Chapter 3. 프로젝트를 적절하게 종료시키기 (Terminating Projects Properly)

Summary

  1. In well-managed projects, termination comes more or less as planned, with the delivery of the desired product or modification. Perhaps the greatest challenge and test of a good manager is the ability to terminate projects that should be terminated, when they should be terminated.
  2. Testing is productive, but not production. In an Anticipating organization, testing is merely part of every standard task unit in which something is built, and putting testing in a separate box may mislead people into thinking that testing is done once, at the end of the entire process.
  3. Process testing asks, "Where are we in the process?" Product testing asks, "What state is the product in?" The requirements or prerequisites part at the front of a standard task unit is a process test, and so is the review at the end. In the task itself, there may or may not be product testing, but one of the things the review will examine is whatever testing has been done. Using this and other information, the review will determine whether the task of producing the product is finished.
  4. Most process tests take the form of asking, "Should we terminate?" or "Should we replan the task?" Product tests are different, asking, "What are the faults in this product?" Any evidence that a project is not working earnestly and effectively to expose faults is evidence for a process test that says:
    • IF faults are being hidden
    • THEN replan project.
  5. Most software work takes place at the level of the fix, the patch, or the update in some sub-phase called testing—that is, doing construction that was not called construction. Vast resources are consumed by developers who continue to build long after the building phase is finished.
  6. Adding a line back from one stage to another does not give a true picture of the testing/quick-fix/hacking process. Since the number of iterations is unknown, this kind of shorthand easily creates a Downfall Model. Such unbounded process loops are one of the primary sources of overruns of project estimates because hacking starts as soon as the lid of discipline is removed under the guise of testing.
  7. You can estimate the number of development cycles based on an estimate of the number of faults left that need fixing after the first iteration and after each subsequent iteration. These estimates of remaining faults tend to be characteristic of each organization's culture, and are among the first measures you should obtain if you wish to stabilize your development processes. By comparing the number of faults removed to the estimate, you get an early indication that you may have more iterations (or fewer) than you'd planned.
  8. Never use loops in a process description. Never use loops in a plan. If you want your plans and process descriptions to be true to life, use your measurements to unroll the loops.
  9. Managers without access to appropriate models and measurements tend to do exactly the wrong thing when a project is going sour. Formal measurements may not help you to recognize when your project is starting to fail, because the formal measurement system may be the first thing to start failing. You need to watch and listen for signs outside that system, and STOP the project when they arise.
  10. The earliest indicator that a project may need terminating is when you're asked to certify that a plan as achievable, when it's not.

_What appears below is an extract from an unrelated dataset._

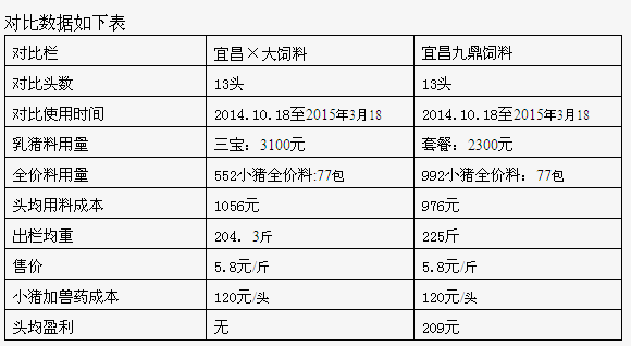 田科凤老板是车家店养殖合作社中的一员,长期存栏育肥猪百头以上,听说九鼎饲料好,而且公司直销可以大大降低饲养成本,就全程使用九鼎饲料,从“6+1”套餐开始到出栏全程均按照九鼎模式,用得比较满意,但是一直没有自己称猪做数据,九鼎饲料的优势也一直没有量化,九鼎饲料好在哪里自己也说不上来。恰好宜昌×大饲料公司业务员三番五次登门拜访,希望田科凤老板使用宜昌×大饲料,但是×大饲料吨价比九鼎饲料贵200元,田科凤老板一直犹豫,最后宜昌×大公司业务员承诺一头猪吃940元饲料保证220斤猪出栏,并同时和九鼎饲料做对比,如果输了补偿差价,因为刚好有两栏小猪,田科凤老板实在不好拒绝,最终同意配合做对比,一栏使用宜昌×大饲料,一栏使用宜昌九鼎饲料,并于2014年10月18日开始对比,2015年3月18日出售,全程5个月九鼎栏均重225斤,宜昌×大栏均重204斤,坚定了田科凤老板忠实使用九鼎饲料的决心,并感言:“宜昌九鼎饲料,真金不怕火炼!”(李海波 宜昌九鼎营销线)

In answer to a request or demand to certify that the plan is achievable, you can say, "Perhaps it is achievable, but I don't know how to achieve it."
  11. "Test complete" is often scheduled according to when some senior manager has been promised a demonstration, not when the quality has reached a certain level. Under this kind of pressure, managers are often asked to certify that a product is acceptable, generally when it is not—a sure sign that the project ought to be terminated and rebirthed with a new acceptance criterion
  12. In the middle of a project, perhaps the most reliable indicator that a project may need terminating is a decline in morale—the overall intuitive assessment of the project's chances by the entire staff.
  13. A plan is not a process, but a process model for one particular project. It is not a general process model, but an instantiation of one, since it's unlikely that we will ever have two projects with exactly the same plan, even if they follow the same process model.
  14. Every plan must plan for various kinds of termination. The unanticipated need for another iteration as a signal that your plan has gone sour, that you need a new plan. And, since the plan is the seed of the project, what you really need is a new project.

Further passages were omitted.